### Recorded information
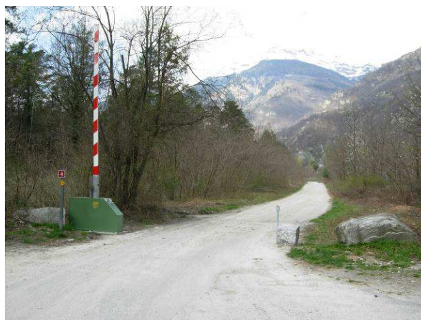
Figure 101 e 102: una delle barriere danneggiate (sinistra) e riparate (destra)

...

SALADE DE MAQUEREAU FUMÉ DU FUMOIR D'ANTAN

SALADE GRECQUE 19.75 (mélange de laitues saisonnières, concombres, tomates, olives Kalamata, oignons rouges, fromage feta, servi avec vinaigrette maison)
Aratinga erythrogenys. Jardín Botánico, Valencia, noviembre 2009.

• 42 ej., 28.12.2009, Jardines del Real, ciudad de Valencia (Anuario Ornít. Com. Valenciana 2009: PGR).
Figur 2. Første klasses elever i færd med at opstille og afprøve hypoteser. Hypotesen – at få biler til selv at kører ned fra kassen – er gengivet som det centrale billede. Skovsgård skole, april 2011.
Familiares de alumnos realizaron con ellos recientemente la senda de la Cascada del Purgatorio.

==

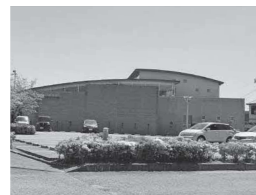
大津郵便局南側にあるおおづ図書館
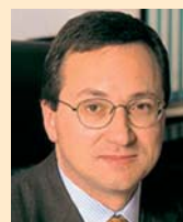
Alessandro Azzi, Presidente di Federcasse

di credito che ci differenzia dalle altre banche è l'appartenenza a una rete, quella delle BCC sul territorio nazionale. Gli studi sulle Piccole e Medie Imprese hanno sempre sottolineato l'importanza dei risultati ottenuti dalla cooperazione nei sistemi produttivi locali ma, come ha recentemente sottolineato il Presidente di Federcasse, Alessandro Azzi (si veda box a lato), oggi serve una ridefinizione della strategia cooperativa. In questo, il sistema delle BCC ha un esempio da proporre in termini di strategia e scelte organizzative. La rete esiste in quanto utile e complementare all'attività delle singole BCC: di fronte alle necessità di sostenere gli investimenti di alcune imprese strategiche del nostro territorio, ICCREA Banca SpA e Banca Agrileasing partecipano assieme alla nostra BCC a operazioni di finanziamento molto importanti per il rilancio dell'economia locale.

### Exercise details
Give the number of lines in the entries that include the string "Valencia", and nothing more.

### Worked solution
2